Explainability is a Game
for Probabilistic Bisimilarity Distances

Probabilistic bisimilarity, a fundamental notion introduced by Larsen and Skou [39], captures which states of a model with randomness are considered behaviourally equivalent. As shown by Katoen, Kemna, Zapreev, and Jansen [31], reducing a model by identifying states that are probabilistic bisimilar often speeds up probabilistic model checking. That is, the time it takes to reduce a model and subsequently check a property of the reduced model is often less than the time needed to check the property of the original model.

As shown by Giacalone, Jou, and Smolka [25], behavioural equivalences such as probabilistic bisimilarity are not robust. Even the smallest changes to the probabilities in the model may result in different states being identified as behaviourally equivalent and, hence, may lead to different reduced models. These models may even satisfy different properties.
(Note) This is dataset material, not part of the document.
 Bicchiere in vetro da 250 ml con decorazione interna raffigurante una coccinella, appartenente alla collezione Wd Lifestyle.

Giacalone et al.  suggested distances as a robust alternative to equivalences. Desharnais, Gupta, Jagadeesan, and Panangaden [14] proposed a quantitative generalization of probabilistic bisimilarity: probabilistic bisimilarity distances (or distances for short). To each pair of states, a real number in the unit interval $[0,1]$ is assigned that captures the behavioural similarity of the states. The smaller this number, the more alike the states behave. As shown by Desharnais et al., states are probabilistic bisimilar if and only if their distance is zero.

During the last two decades, efficient algorithms have been developed to approximate and compute probabilistic bisimilarity distances (see, for example, the work of Tang [51]). Once we have computed that the distance between two states is, say $\frac{1}{8}$, it begs for an explanation. In this paper we address the question how to explain probabilistic bisimilarity distances.
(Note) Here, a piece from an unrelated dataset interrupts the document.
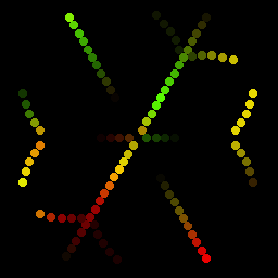Координаты диодов рассчитаны как в декартовых координатах (0-255 по X и Y), так и в угловых (угол от вертикали и расстояние от центра, оба параметра 0-255). Одно в другое можно легко пересчитать программно. Для такой формы, как снежинка, проще вручную задать угловые координаты, а программно пересчитать в декартовы. Для других узоров, возможно, будет проще наоборот, забить константы X-Y, а в угловые пересчитать программно. Для снежинки я добавил ещё одну «координату», по ней можно определить, к чему относится диод, центральной точке, основному лучу или боковым отросткам. Это тоже можно использовать в эффектах. Только когда готовил иллюстрации к этому тексту, я заметил, что не совсем точно задал угловые координаты для второстепенных лучей, получились слегка куриные лапки. Ну и ладно, запишем криворукость в фирменный авторский стиль.

Logic has been extensively used to explain behavioural equivalences. Logics have been designed such that for each pair of states that is not behaviourally equivalent there exists a formula of the logic such one state satisfies the formula and the other state does not. For example, for models with nondeterminism, such as labelled transition systems, bisimilarity, due to Milner [42] and Park [44], is a key behavioural equivalence. The Hennessy-Milner logic [27] provides a logical characterization of bisimilarity. For labelled Markov chains, which model systems with randomness, probabilistic bisimilarity is logically characterized by the probabilistic modal logic of [39]. Rady and Van Breugel [47] explained the distance of a pair of states by means of an infinite sequence of formulas of a logic. The major drawback of their approach is that the explanation is in general not finitely representable. In this paper, we use games to explain distances. As we will see, these can be finitely represented. Before introducing our game, we first review some related work from the literature as our approach is different from the commonly used Ehrenfeucht-Fraïssé-like games [19, 24], yet uses some ingredients of those games.
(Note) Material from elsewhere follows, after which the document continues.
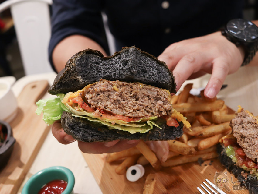 麵包常常在漢堡當中都是被忽略的角色,那種孔洞很大蓬鬆劑放好放滿的麵包體,咬下去就想翻白眼阿!樂。野食的漢堡麵包是自家配方跟工廠合作製做的竹炭麵包,切面煎得有些焦脆,咬下去口感富有彈性不會太鬆散或乾口,很不錯。

We start with formalizing the model of interest, labelled Markov chains, and the probabilistic bisimilarity distances by recalling several results from the literature. Given a finite set $X$, a function $\mu :X\to [0,1]$ is a probability distribution on $X$ if ${\sum }_{x\in X}\mu (x)=1$. We denote the set of probability distributions on $X$ by $𝒟(X)$. For $\mu \in 𝒟(X)$ and $A\subseteq X$, we often write $\mu (A)$ for ${\sum }_{x\in A}\mu (x)$. Similarly, for $\omega \in 𝒟(X\times X)$, $x\in X$, and $A\subseteq X$, we usually write $\omega (x,A)$ for ${\sum }_{a\in A}\omega (x,a)$. For $\mu \in 𝒟(X)$, we define the support of $\mu$ by $\mathrm{support}(\mu )=\{x\in X\mid \mu (x)>0\}$. To avoid clutter, for $\mu \in 𝒟(X)$ and $f:X\to ℝ$ instead of ${\sum }_{x\in X}\mu (x)f(x)$ we write $\mu \cdot f$.

Several examples of labelled Markov chains have already been provided in the introduction. The states are represented by circles, squares, and diamonds, the labels by colours as well as shapes, and the transitions by arrows decorated with the probabilities. For the remainder of this paper, we fix a labelled Markov chain . We define probabilistic bisimilarity by means of the set $\mathrm{\Omega }(\mu ,\nu )$, which is known as the transportation polytope of the probability distributions $\mu$ and $\nu$. The elements of $\mathrm{\Omega }(\mu ,\nu )$ are called couplings.

For each $\mu$, $\nu \in 𝒟(S)$, $\mathrm{\Omega }(\mu ,\nu )$ is a closed convex polytope. We denote the vertices of the transportation polytope by $V(\mathrm{\Omega }(\mu ,\nu ))$.

To define the probabilistic bisimilarity distances, it is convenient to partition the set of state pairs into 0-pairs, 1-pairs, and ?-pairs.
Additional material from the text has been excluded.